Reddit continues to elevate itself as an SEO powerhouse and a destination for topical knowledge, including local and location-relevant fare. As it continues to hit key milestones, we’ve watched closely but arguably haven’t given it the ink it deserves. So let’s dive into Reddit and what’s driving it.
Backing up, one thing Reddit has done right is to create a brand around the sleepy internet format of comment boards. One of the web’s first formats – a la AOL topic boards – it’s long been known for misinformation, mistrust, and sometimes contentious exchanges. So you could say it has trust issues.
What Reddit did to resolve that mistrust was to federate and wrap a brand around far-reaching topical boards. Though questionable content can still populate the depths of its many sub-reddits, the company has counterbalanced trust and credibility issues with a recognizable name – a known quantity.
Pepsi Choice
In that sense, Reddit has become a go-to place for the wisdom of the crowds. The brand equity that it cultivated by federating all that wisdom makes it the Pepsi choice for everything from home theater setup to landscaping your yard. And all the above has sparked momentum, volume, and network effect.
Beyond actively choosing and navigating to Reddit – or bookmarking subreddits on their favorite topics – users are often led there by the nose. In other words, SEO. All those far-reaching conversations and knowledge are SEO gold – placing Reddit in prime position when it comes to billions of Google queries.
All of this traction materialized most recently in Reddit’s Q2 earnings. Ad revenue – which logically represents 92 percent of Reddit’s revenue – totalled 465 million during the quarter. Overall revenue was up 78 percent year-over-year, which widely beat expectations, and caused its stock to jump 20 percent.
Double-Edged Sword
But it’s not all good news for Redit. It now faces the common and daunting possibility that the AI-era’s zero-click trend will diminish its traffic. That’s a threat that looms over all publishers, but Reddit perhaps has the most to lose because of the massive long tail of traffic it receives from traditional search.
The answer could be a double-edged sword. Because Reddit is such a vast fountain of topical knowledge, it could be a top source of AI-generated answers from AI engines and Google AI Overviews. And as long as citations remain a core part of these engines’ public trust-building, Reddit will benefit.
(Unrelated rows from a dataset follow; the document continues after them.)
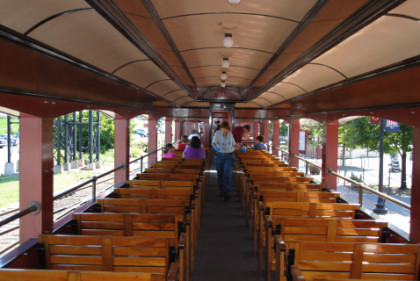 Strasburg Railroad open air car "Hello Dolly", nee Boston and Maine coach 856 built by Pullman in 1896. It arrived in Strasburg in 1966 and two years later, was prominently featured in 20th Century Fox's production of the movie- musical "Hello, Dolly!" and was named in honor of this.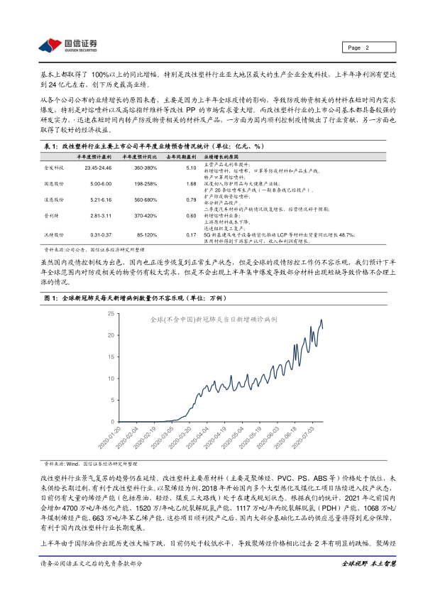 行业概述及业绩分析: 详细分析了改性塑料行业2020年上半年的业绩表现,并对业绩增长的原因进行了深入剖析,指出防疫物资需求和下游需求修复是主要驱动因素。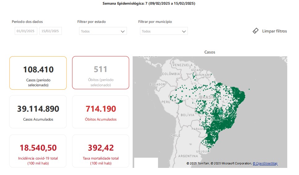 O Brasil registrou 108.410 novos casos de Covid-19 em 2025, considerando o período de 1° de janeiro a 15 de fevereiro. O intervalo corresponde às sete primeiras semanas epidemiológicas (SE) deste ano e representa uma alta de 52% ante os 71.479 registrados nas últimas sete semanas epidemiológicas de 2024, que engloba o período entre os dias 8 de novembro e 28 de dezembro. Os dados são do painel do Painel da Covid-19 no Brasil, do Ministério da Saúde.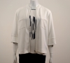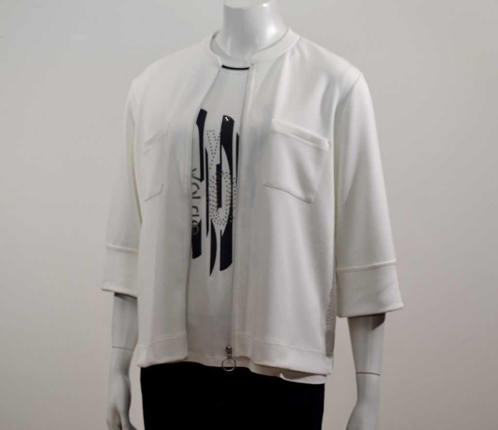 Pièce très facile à vivre à avoir toujours à portée de main. Cette veste comporte une encolure ronde, des manches trois quart fashion sur des emmanchures arrondies, une fermeture centrale à glissière, deux poches plaquées poitrine et une piping noir de côté. Cette pièce présente une forme droite. Elle est confectionnée sur un support fluide et léger très agréable à porter et arbore sur un côté un lettrage "WONDERFUL TIME" marqué à froid.

As the equation goes these days, it’s a question of whether citations offset the diminished traffic from zero-click search. The answer is often no, but not always. Meanwhile, Reddit is making moves to have a more active role in owning its fate, including doubling down on AI and becoming its own search engine.
Zero-Click Bloodbath
Taking those one at a time, Reddit has inked content licensing agreements with Google and OpenAI. It knows it sits on an AI-training gold mine and wants to monetize it. Meanwhile, its own conversational AI tool, Reddit Answers, now has 6 million users as of its Q2 earnings – up from 1 million users in Q1.
As for its search engine play, it’s going to surface its search feature – a typical site-search function – more front & center. This move is driven by the fact that its site search has more than 70 million weekly users; and that many users append “reddit” to their Google search queries in hopes of ending up there.
The goal would be to circumvent Google with direct navigation traffic that then searches locally – something Amazon has pulled off well. “Circumvent” is the keyword (excuse the pun) as this would also mean that Reddit can insulate itself from the zero-click bloodbath. That’s the part we’ll be watching.